== RECORD EXTRACTS ==
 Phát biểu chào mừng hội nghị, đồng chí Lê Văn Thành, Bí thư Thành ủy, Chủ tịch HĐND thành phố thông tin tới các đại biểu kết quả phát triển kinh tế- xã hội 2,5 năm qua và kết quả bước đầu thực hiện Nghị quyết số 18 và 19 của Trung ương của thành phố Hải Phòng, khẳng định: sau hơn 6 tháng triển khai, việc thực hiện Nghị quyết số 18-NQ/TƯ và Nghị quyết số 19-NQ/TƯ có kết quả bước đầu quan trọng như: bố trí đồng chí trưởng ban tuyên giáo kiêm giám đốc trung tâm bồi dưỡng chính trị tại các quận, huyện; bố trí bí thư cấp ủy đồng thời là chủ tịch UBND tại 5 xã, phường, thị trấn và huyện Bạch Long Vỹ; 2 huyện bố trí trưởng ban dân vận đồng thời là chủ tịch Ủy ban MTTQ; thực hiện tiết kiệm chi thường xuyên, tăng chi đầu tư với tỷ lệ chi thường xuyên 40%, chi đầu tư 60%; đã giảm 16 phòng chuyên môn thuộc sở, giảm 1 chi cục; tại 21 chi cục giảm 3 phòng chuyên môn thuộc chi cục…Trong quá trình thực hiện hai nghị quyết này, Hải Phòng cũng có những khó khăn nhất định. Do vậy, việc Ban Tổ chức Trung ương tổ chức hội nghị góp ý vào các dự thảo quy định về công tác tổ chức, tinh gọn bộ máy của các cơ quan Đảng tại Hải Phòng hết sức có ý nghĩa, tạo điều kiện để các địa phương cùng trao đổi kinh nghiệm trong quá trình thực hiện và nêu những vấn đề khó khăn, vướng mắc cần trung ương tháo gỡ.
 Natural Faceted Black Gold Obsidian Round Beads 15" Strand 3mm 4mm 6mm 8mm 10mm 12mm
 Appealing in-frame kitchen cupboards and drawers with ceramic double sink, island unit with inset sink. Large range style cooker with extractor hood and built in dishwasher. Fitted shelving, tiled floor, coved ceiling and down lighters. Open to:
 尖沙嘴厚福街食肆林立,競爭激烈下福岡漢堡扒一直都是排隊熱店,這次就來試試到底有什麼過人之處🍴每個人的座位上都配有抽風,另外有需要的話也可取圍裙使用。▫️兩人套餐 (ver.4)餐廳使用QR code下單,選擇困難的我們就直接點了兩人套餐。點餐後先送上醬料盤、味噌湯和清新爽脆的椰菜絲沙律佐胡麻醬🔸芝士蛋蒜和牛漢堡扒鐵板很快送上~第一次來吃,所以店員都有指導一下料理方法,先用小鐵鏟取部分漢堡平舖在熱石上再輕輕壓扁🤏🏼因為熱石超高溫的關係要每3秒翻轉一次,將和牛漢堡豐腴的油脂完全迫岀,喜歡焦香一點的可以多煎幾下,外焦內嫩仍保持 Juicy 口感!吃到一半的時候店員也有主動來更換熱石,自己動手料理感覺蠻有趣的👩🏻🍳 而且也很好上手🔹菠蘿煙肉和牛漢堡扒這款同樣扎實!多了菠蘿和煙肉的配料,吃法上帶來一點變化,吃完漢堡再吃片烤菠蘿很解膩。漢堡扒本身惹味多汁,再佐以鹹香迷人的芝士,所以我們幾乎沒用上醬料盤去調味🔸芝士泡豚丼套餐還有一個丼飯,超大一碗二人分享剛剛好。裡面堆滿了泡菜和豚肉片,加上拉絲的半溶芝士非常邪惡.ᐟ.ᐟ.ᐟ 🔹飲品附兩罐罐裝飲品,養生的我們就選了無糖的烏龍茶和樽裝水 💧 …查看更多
===
== RECORD EXTRACTS ==
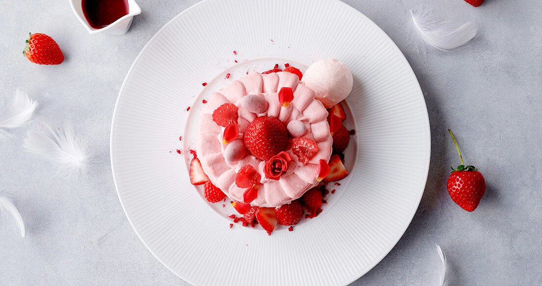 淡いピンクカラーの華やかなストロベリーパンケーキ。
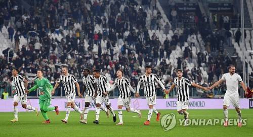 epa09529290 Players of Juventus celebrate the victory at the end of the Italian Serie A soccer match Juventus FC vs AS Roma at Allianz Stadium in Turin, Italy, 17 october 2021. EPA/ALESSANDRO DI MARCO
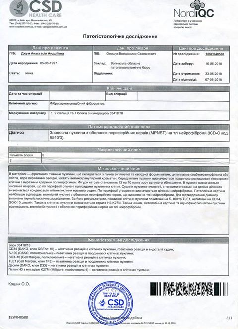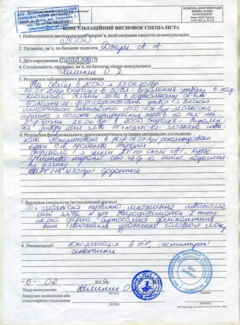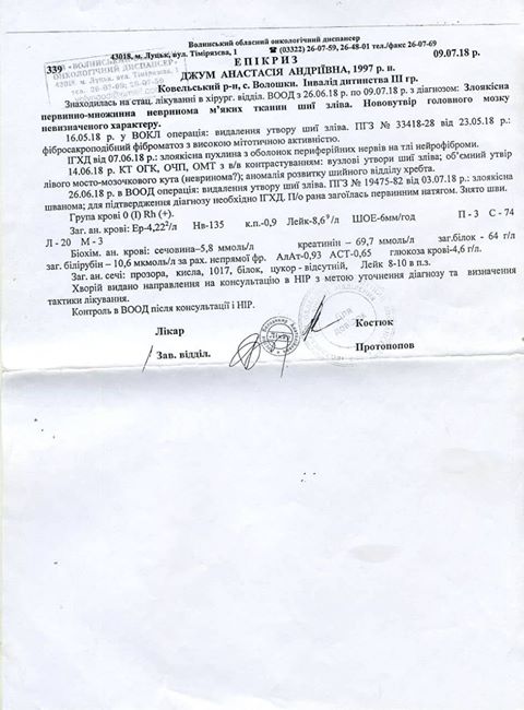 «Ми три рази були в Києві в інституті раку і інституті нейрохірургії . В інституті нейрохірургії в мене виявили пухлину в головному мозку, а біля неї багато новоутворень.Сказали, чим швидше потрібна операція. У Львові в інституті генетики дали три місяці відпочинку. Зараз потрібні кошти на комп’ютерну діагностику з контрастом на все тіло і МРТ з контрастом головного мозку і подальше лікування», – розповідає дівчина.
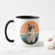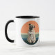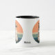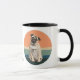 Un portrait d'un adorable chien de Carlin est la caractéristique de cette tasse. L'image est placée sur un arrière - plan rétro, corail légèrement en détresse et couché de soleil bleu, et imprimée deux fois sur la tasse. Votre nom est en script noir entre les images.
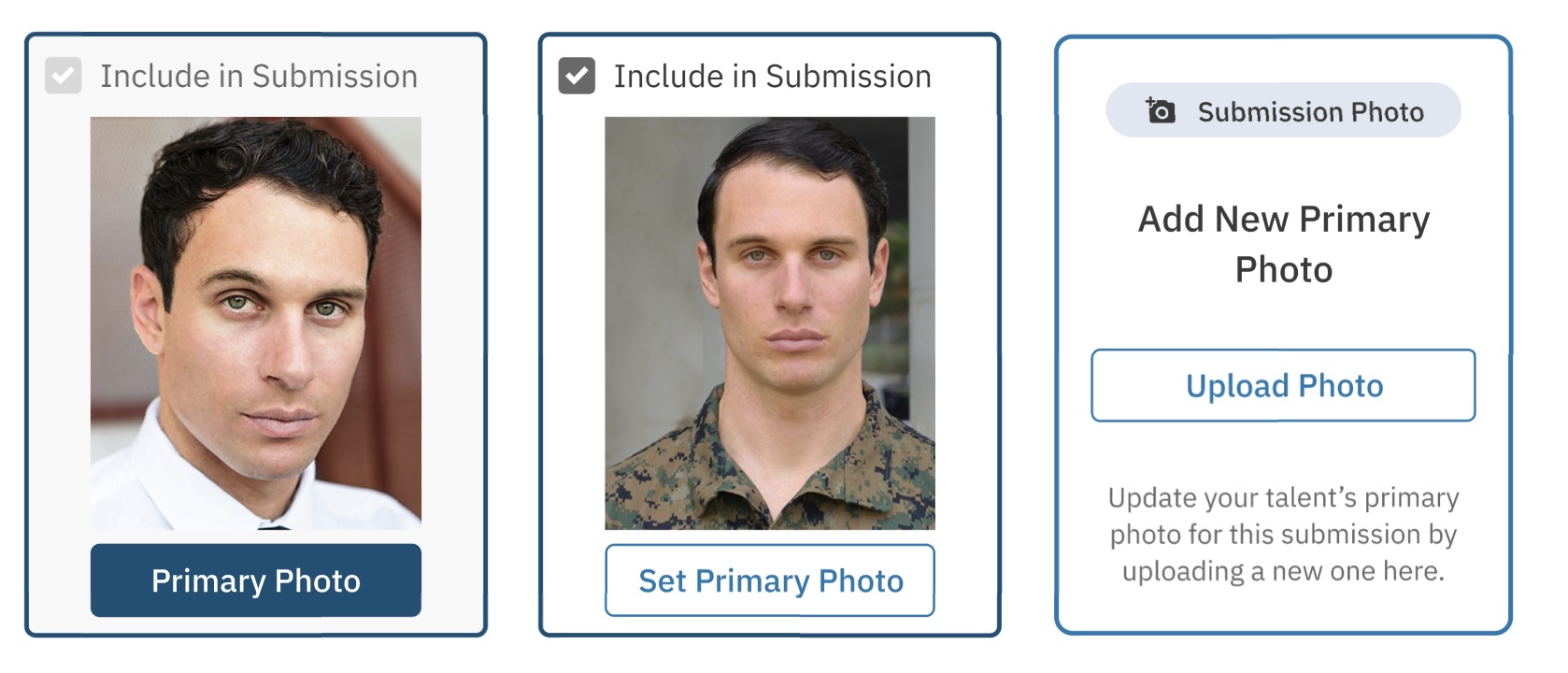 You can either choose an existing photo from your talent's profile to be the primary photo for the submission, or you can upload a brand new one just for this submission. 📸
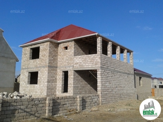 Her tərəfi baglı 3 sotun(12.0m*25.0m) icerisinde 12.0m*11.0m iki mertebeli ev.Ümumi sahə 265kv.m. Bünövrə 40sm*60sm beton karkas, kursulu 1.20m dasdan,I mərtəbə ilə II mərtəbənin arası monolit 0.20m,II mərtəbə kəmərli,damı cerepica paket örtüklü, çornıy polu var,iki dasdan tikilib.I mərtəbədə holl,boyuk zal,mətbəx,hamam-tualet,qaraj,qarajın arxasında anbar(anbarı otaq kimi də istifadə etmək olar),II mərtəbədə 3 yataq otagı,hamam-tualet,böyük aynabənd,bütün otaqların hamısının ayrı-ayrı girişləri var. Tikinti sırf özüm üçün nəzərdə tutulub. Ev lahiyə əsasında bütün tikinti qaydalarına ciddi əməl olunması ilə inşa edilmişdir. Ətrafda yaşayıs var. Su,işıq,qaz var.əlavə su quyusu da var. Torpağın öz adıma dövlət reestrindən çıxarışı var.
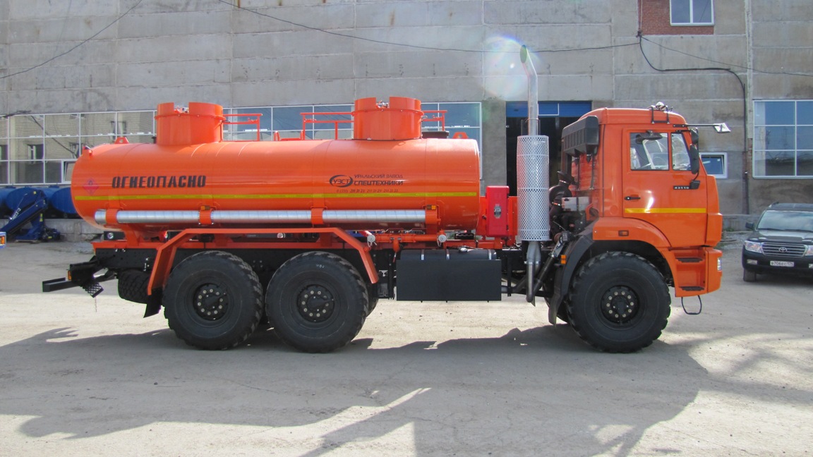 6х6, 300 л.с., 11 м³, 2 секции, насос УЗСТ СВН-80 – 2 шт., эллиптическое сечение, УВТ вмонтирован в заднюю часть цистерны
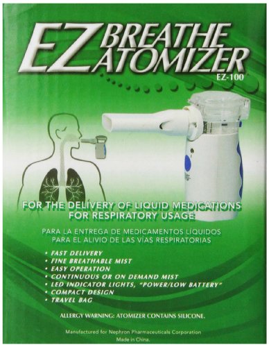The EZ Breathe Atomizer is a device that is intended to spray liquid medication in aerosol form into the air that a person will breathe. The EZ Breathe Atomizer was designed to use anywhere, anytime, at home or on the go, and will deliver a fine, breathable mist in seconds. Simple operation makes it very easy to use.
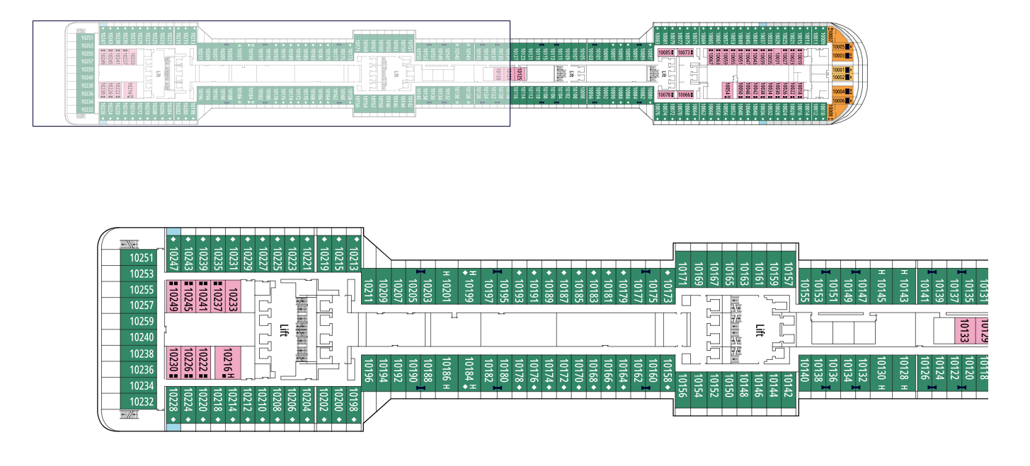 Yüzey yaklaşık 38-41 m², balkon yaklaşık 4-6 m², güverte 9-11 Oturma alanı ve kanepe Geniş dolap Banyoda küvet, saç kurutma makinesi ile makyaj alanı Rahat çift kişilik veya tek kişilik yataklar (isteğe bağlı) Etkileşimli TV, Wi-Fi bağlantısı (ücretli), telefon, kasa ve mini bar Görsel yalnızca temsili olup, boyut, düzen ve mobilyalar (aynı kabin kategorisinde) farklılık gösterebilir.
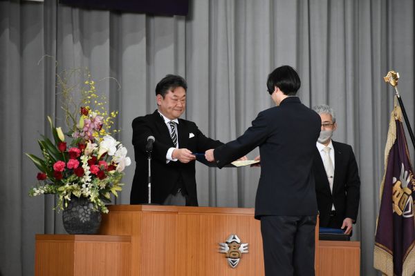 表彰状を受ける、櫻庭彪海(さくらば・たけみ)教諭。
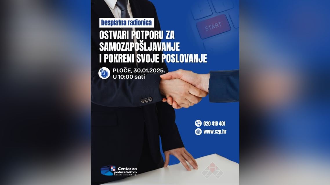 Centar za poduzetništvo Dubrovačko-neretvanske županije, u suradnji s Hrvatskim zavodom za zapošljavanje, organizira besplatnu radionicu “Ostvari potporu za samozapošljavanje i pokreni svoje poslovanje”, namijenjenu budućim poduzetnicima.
===
== RECORD EXTRACTS ==
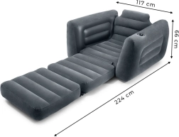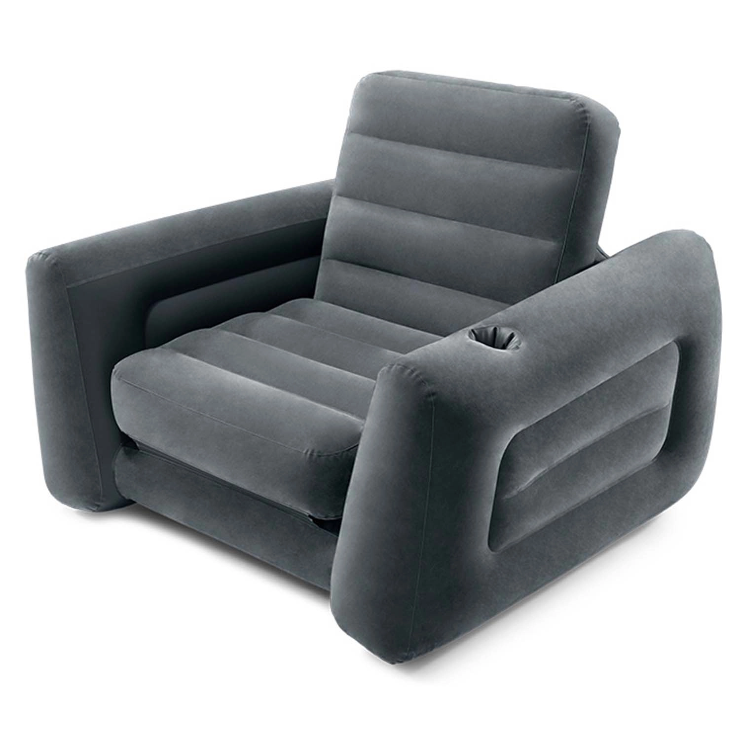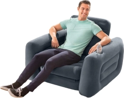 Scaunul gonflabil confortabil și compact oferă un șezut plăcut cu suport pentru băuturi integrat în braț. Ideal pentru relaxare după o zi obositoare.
===
▶ ASSIGNMENT
Beginning with the line that contains "три рази були" and ending with the line that contains "6х6, 300 л.с., 11", reproduce the listing exactly, pictures excluded.

▶ EXERCISE ANSWER
 «Ми три рази були в Києві в інституті раку і інституті нейрохірургії . В інституті нейрохірургії в мене виявили пухлину в головному мозку, а біля неї багато новоутворень.Сказали, чим швидше потрібна операція. У Львові в інституті генетики дали три місяці відпочинку. Зараз потрібні кошти на комп’ютерну діагностику з контрастом на все тіло і МРТ з контрастом головного мозку і подальше лікування», – розповідає дівчина.
 Un portrait d'un adorable chien de Carlin est la caractéristique de cette tasse. L'image est placée sur un arrière - plan rétro, corail légèrement en détresse et couché de soleil bleu, et imprimée deux fois sur la tasse. Votre nom est en script noir entre les images.
 You can either choose an existing photo from your talent's profile to be the primary photo for the submission, or you can upload a brand new one just for this submission. 📸
 Her tərəfi baglı 3 sotun(12.0m*25.0m) icerisinde 12.0m*11.0m iki mertebeli ev.Ümumi sahə 265kv.m. Bünövrə 40sm*60sm beton karkas, kursulu 1.20m dasdan,I mərtəbə ilə II mərtəbənin arası monolit 0.20m,II mərtəbə kəmərli,damı cerepica paket örtüklü, çornıy polu var,iki dasdan tikilib.I mərtəbədə holl,boyuk zal,mətbəx,hamam-tualet,qaraj,qarajın arxasında anbar(anbarı otaq kimi də istifadə etmək olar),II mərtəbədə 3 yataq otagı,hamam-tualet,böyük aynabənd,bütün otaqların hamısının ayrı-ayrı girişləri var. Tikinti sırf özüm üçün nəzərdə tutulub. Ev lahiyə əsasında bütün tikinti qaydalarına ciddi əməl olunması ilə inşa edilmişdir. Ətrafda yaşayıs var. Su,işıq,qaz var.əlavə su quyusu da var. Torpağın öz adıma dövlət reestrindən çıxarışı var.
 6х6, 300 л.с., 11 м³, 2 секции, насос УЗСТ СВН-80 – 2 шт., эллиптическое сечение, УВТ вмонтирован в заднюю часть цистерны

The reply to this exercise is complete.